Tra il 1994 e il 1997, in nessuna Borsa Valori del mondo si verificò un attivismo
paragonabile a quello registrato presso il mercato azionario di Mosca. Supportato
dal sistema fiscale concepito in funzione di interessi riconducibili ai nuovi
rentier russi e al consorzio bancario anglo-statunitense che operava alle loro
spalle, il saccheggio delle immense ricchezze statali procedette a pieno ritmo
alimentando sia il gigantesco business del riciclaggio dei fondi del Fmi di cui gli
oligarchi avevano assunto il controllo, sia il deflusso di capitali e materie prime
fondamentali quali il plutonio. Come rivela Michael Hudson: «dal 1991, anno in cui
l’Unione Sovietica si è dissolta, il deflusso di capitali verso l’Occidente si è
attestato sui 25 miliardi di dollari l’anno.
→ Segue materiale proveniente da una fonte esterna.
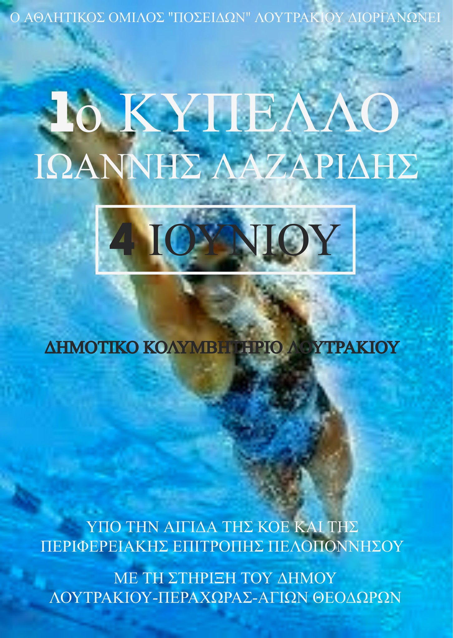 Ο Αθλητικός Όμιλος «ΠΟΣΕΙΔΩΝ» Λουτρακίου, με αφορμή και την επέτειο συμπλήρωσης 60 ετών από την ίδρυση του, διοργανώνει για πρώτη χρονιά τους αγώνες Προαγωνιστικών Κατηγοριών με την επωνυμία 1ο ΚΥΠΕΛΛΟ
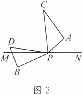 (3)如图3,若三角板PAC的边PA从PN处开始绕点P按逆时针方向旋转,转速为$5^{\circ}/s$,同时三角板PBD的边PB从PM处开始绕点P按逆时针方向旋转,转速为$3^{\circ}/s$,在两个三角形旋转过程中(PC转到与PM重合时,两个三角板都停止转动),问是否存在某个时刻,使∠BPN:∠CPD= 9:4,若存在,请求出t的值;若不存在,请说明理由.
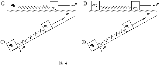 7、如图4,用相同材料做成的质量分别为m1、m2的两个物体中间用一轻弹簧连接。在下列四种情况下,相同的拉力F均作用在m1上,使m1、m2作加速运动:①拉力水平,m1、m2在光滑的水平面上加速运动。②拉力水平,m1、m2在粗糙的水平面上加速运动。③拉力平行于倾角为θ的斜面,m1、m2沿光滑的斜面向上加速运动。④拉力平行于倾角为θ的斜面,m1、m2沿粗糙的斜面向上加速运动。以△l1、△l2、△l3、△l4依次表示弹簧在四种情况下的伸长量,则有( )
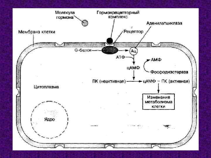 Регуляция активности ферментов. Отдельные белково-пептидные гормоны, а также адреналин и норадреналин не проникают внутрь клеток. Они регулируют обмен веществ, активность многих внутриклеточных ферментов опосредовано через вторичные передатчики, в качестве которых могут выступать циклические нуклеотиды (ц. АМФ, ц. ГМФ), ионы кальция, диацилглицерол, инозитол, специфические белки и другие вещества. Гормоны связываются со специфическими рецепторами на поверхностной мембране клетки и активируют расположенный с внутренней стороны мембраны G-белок. Этот белок активирует или подавляет активность фермента аденилатциклазы. Аденилатциклаза катализирует синтез циклического АМФ из АТФ (рис. 52). Действие ц. АМФ ("вторичный передатчик") внутри клетки реализуется через другой фермент — протеинкиназу (ПК), которая при отсутствии ц. АМФ не активна. Далее ц. АМФ-активируемая протеинкиназа катализирует перекос остатков фосфорной кислоты от АТФ на молекулы различных белков внутри клетки. Фосфорилированию могут подвергаться ферменты расщепления жиров, углеводов, других систем организма. В таком случае усиливается синтез АТФ в клетке, увеличивается количество ферментов белкового синтеза, изменяется функциональная активность клетки. Циклический АМФ расщепляется ферментом фосфодиэстеразой, в результате чего прекращается действие гормона.
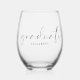 Élégant verre de vin sans tige pour griller le diplômé à sa fête de fin d'études mettant en vedette "diplômée" dans un script moderne chic et son nom dans la typographie simple.
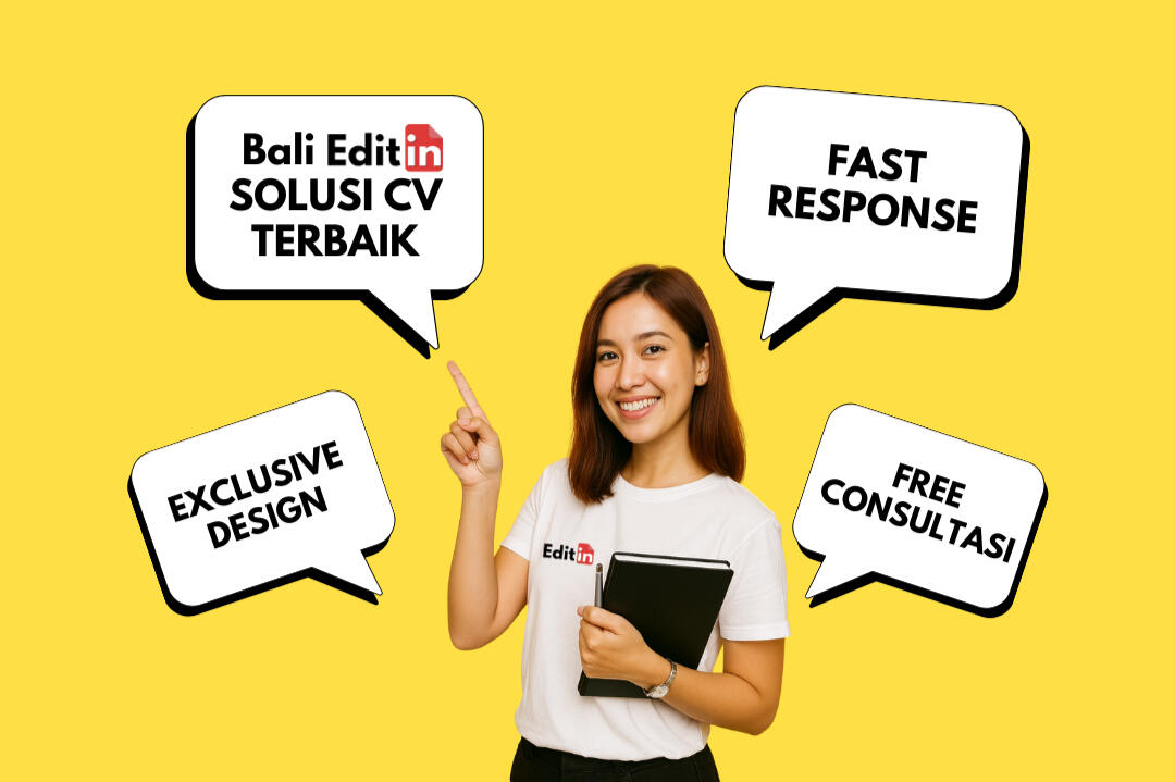 Bali Editin merupakan penyedia layanan jasa edit CV secara online yang berfokus pada penyusunan CV yang rapi, profesional, dan sesuai dengan standar rekrutmen, guna membantu pencari kerja menampilkan kualifikasi terbaiknya secara efektif.
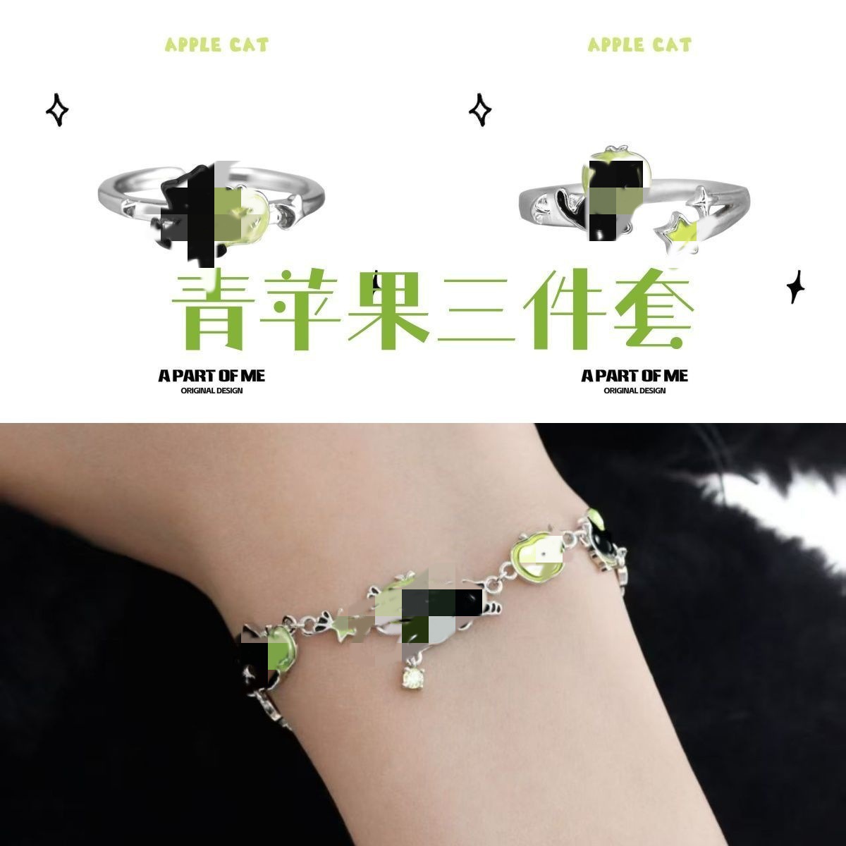 So Cute! Black Cat Green Apple Slice Bracelet 2025 New Niche Accessible Luxury High-End Sweet and Cool New Bracelet

Ciò significa 500 miliardi di dollari
in 20 anni […]. Ancor prima della caduta dell’Unione Sovietica, Grigorij Lučanskij,
che lavorava per l’Università di Riga, aveva sfruttato l’istituto Nordex come
vettore per permettere ai vertici del Kgb e dell’esercito russo di spostare i
propri capitali illeciti fuori del Paese. Miliardi di dollari all’anno hanno
attraversato le varie banche lettoni negli ultimi 25 anni. La loro attività
principale è consistita nel ricevere i depositi russi e trasferirli in Occidente,
presso banche britanniche o del Delaware […]. Il fine ultimo delle banche lettoni
era quello di incoraggiare e gestire il deflusso di capitali della Russia verso
l’Occidente. Dal punto di vista statunitense, si trattava di un modus operandi
particolarmente adatto a prosciugare le ricchezze del nemico basato sullo
sdoganamento in Russia del modello di privatizzazione neoliberista dei servizi
pubblici, delle risorse naturali e delle proprietà immobiliari».